TASK TO CARRY OUT: Here the job is to transcribe the data exactly while omitting the images.

INFORMATION SHOWN:
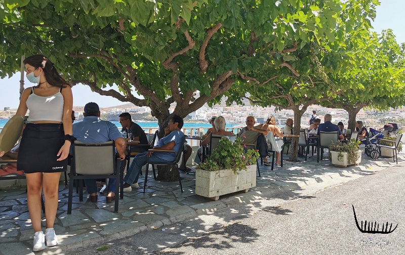 Συνωστισμός και στο ουζερί του Στυλιανού. Δεν υπήρχε καρέκλα Κυριακή και Δευτέρα τα απομεσήμερα του καύσωνα. Ηλικιωμένοι και νεώτεροι που δεν άντεχαν τη ζέστη κάτω από τις καταπράσινες μουριές. Σήμα κατατεθέν του καλοκαιριού στο Νειμποριό. Σήμα κατατεθέν και η ωραία σερβιτόρα με την μάσκα για να μην ξεχνάμε την πανδημία της εποχής...
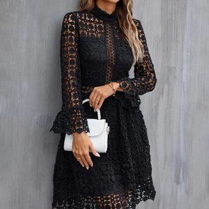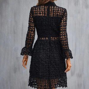 Mock Neck Flounce Sleeve Lace Black Dress
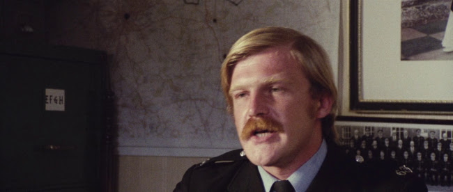 The film has other problems. It seems to choose as protagonist an American photographer named Jill Travers (Mimsy Farmer) who's visiting the English village where the film takes place to take pictures of an old crypt. She's brought in to photograph crime scenes as the only photographer available in the small town and she starts taking an interest in the case. Unfortunately, the filmmakers apparently decided this role was too big for a woman so a smug inspector from Scotland Yard named Gorley (David Warbeck) is introduced to solve problems and make out with her. The local law enforcement is represented by a Sergeant Wilson (Al Cliver) who has a distractingly asymmetrical moustache.
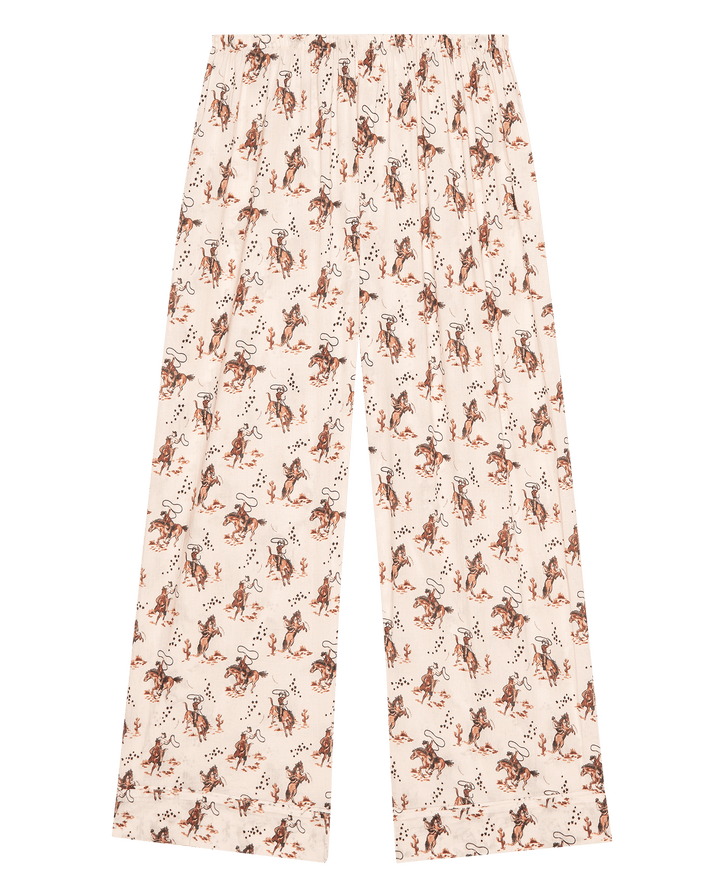 This sleep pant is crafted from the softest 100% cotton in the Western-inspired Cowboy Print. It features a wide leg, slightly dropped rise, an elastic high waist and piped cuff. Wear them with its matching sleep top for mornings at home.

SOLVED EXERCISE:
 Συνωστισμός και στο ουζερί του Στυλιανού. Δεν υπήρχε καρέκλα Κυριακή και Δευτέρα τα απομεσήμερα του καύσωνα. Ηλικιωμένοι και νεώτεροι που δεν άντεχαν τη ζέστη κάτω από τις καταπράσινες μουριές. Σήμα κατατεθέν του καλοκαιριού στο Νειμποριό. Σήμα κατατεθέν και η ωραία σερβιτόρα με την μάσκα για να μην ξεχνάμε την πανδημία της εποχής...
 Mock Neck Flounce Sleeve Lace Black Dress
 The film has other problems. It seems to choose as protagonist an American photographer named Jill Travers (Mimsy Farmer) who's visiting the English village where the film takes place to take pictures of an old crypt. She's brought in to photograph crime scenes as the only photographer available in the small town and she starts taking an interest in the case. Unfortunately, the filmmakers apparently decided this role was too big for a woman so a smug inspector from Scotland Yard named Gorley (David Warbeck) is introduced to solve problems and make out with her. The local law enforcement is represented by a Sergeant Wilson (Al Cliver) who has a distractingly asymmetrical moustache.
 This sleep pant is crafted from the softest 100% cotton in the Western-inspired Cowboy Print. It features a wide leg, slightly dropped rise, an elastic high waist and piped cuff. Wear them with its matching sleep top for mornings at home.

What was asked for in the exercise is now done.